First thing in the morning, get yourself a cup of hot water (or herbal tea) and bring it back to bed. Sip it slowly, and gnaw gently on your bottom lip. Then lie on your back and bring your knees up, feet flat on the bed; place your palms on your belly and breathe deeply. Gently begin to rub your belly (in spirals): up on the right, across the middle, and down on the left. Soon you will feel the movement gathering momentum. Sit up slowly and head for the toilet.
Step 3: Nourish and Tonify
Yellow dock root vinegar or tincture is a wonderful ally for menopausal women with digestive distress. Daily doses of 1 teaspoon/5 ml vinegar or 5-10 drops of tincture eliminate constipation, indigestion, and gas. Yellow dock is especially recommended for the woman whose menopausal menses are getting heavier.
Dandelion is everyone’s favorite ally for a happy digestive system and a strong liver. It relieves indigestion, constipation, gas, even gallstone pain. How to use it? Have a glass of dandelion blossom wine. Eat the omega-3-rich leaves in salads. Enjoy the phytoestrogenic roots as a vinegar or tincture (a dose is 1-2 teaspoons/5-10 ml vinegar or 10-20 drops tincture taken with meals) or as a coffee substitute. Any rhythmical exercise, especially walking, relieves digestive gas and improves intestinal peristalsis (the movement of feces). Oriental wisdom says the liver loves movement.
Motherwort, fenugreek, vitex, or black cohosh tinctures, taken daily, strengthen digestion and ease menopausal digestive woes. Or try a cup of garden sage tea. If constipation occurs due to a lessening of the moistening, lubricating cells in the colon, slippery foods such as slippery elm bark powder, oats, seaweed, flax seed, and seeds from wild Plantago (or cultivated psyllium) are wonderful allies.
Adding a teaspoon/5 ml of any, or better yet, all of them to a cup/250 ml of rolled oats and cooking until thick in 3 cups/750 ml of water is a delicious way to prepare this remedy. My favorite remedy to relieve digestive and gas pain is plain yogurt. Sometimes even a tiny mouthful will bring instant relief. Acidophilus capsules work, too. I use both when dealing with chronic constipation or severe diarrhea.
Step 4: Stimulate/Sedate
White flour products slow the digestive tract; so does too much grain-fed meat. Whole grain products, well-cooked beans, wild meats, and cooked greens speed it up. Add more liquids and soft foods to your diet – applesauce, yogurt, nourishing soups, herbal infusions – to help relieve constipation.
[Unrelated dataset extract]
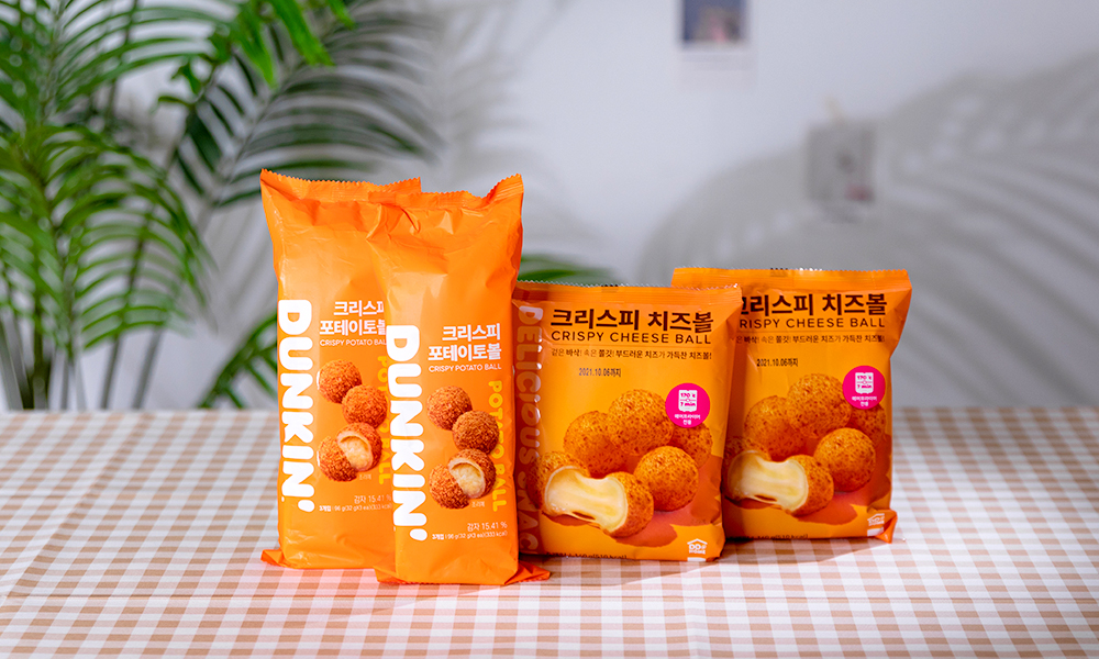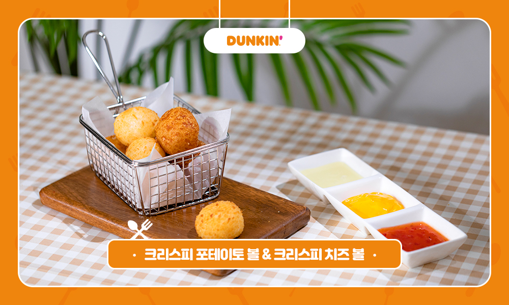 마지막으로 만들어볼 제품은 던킨의 ‘크리스피 포테이토볼’과 ‘크리스피 치즈볼’입니다. 입이 심심할 때 하나씩 집어먹기 좋은 핑거스낵으로, 바삭바삭한 튀김 옷 속에 메쉬드 포테이토와 쭉 늘어나는 치즈가 꽉 차 있어 디저트로 손색이 없습니다. 특히 에어프라이어만으로 쉽게 완성할 수 있어 귀찮은 설거지도 필요 없으니 더욱 완벽한 제품입니다.

Chew your food slowly and savor it. Drink lavishly between meals. Menopausal women will want to avoid the use of bran as a laxative, as it interferes with calcium absorption.
Instead try prunes, prune juice, rhubarb with maple syrup, or figs. Ginger tea with honey is a warming, easing drink when your tummy is upset. Ahhh. Try the fresh root grated and steeped in boiling water, or put a tablespoon of the powdered stuff from your spice cupboard in a cup of hot water and enjoy.
Crushed hemp seed ( Cannabis sativa ) tea – rich in essential fatty acids – is a specific against menopausal constipation. Herbal laxatives such as aloes, cascara sagrada, rhubarb root, and senna are addictive and destructive to normal peristalsis. Except in rare cases (such as relief of constipation for a ninety-year-old woman confined to a bed), I do not advise their use.
Step 5: Use Supplements
Constipation and digestive distress are common side effects from taking iron supplements. A spoonful of molasses with 10-25 drops of yellow dock root tincture in a glass of warm water is a better way to increase iron, and improve elimination.
Step 6: Break and Enter
Enemas and colonics are last-resort techniques. They do not promote health and may strip the guts of important flora. Regular use of enemas is highly habit-forming. For the sake of your health, avoid them.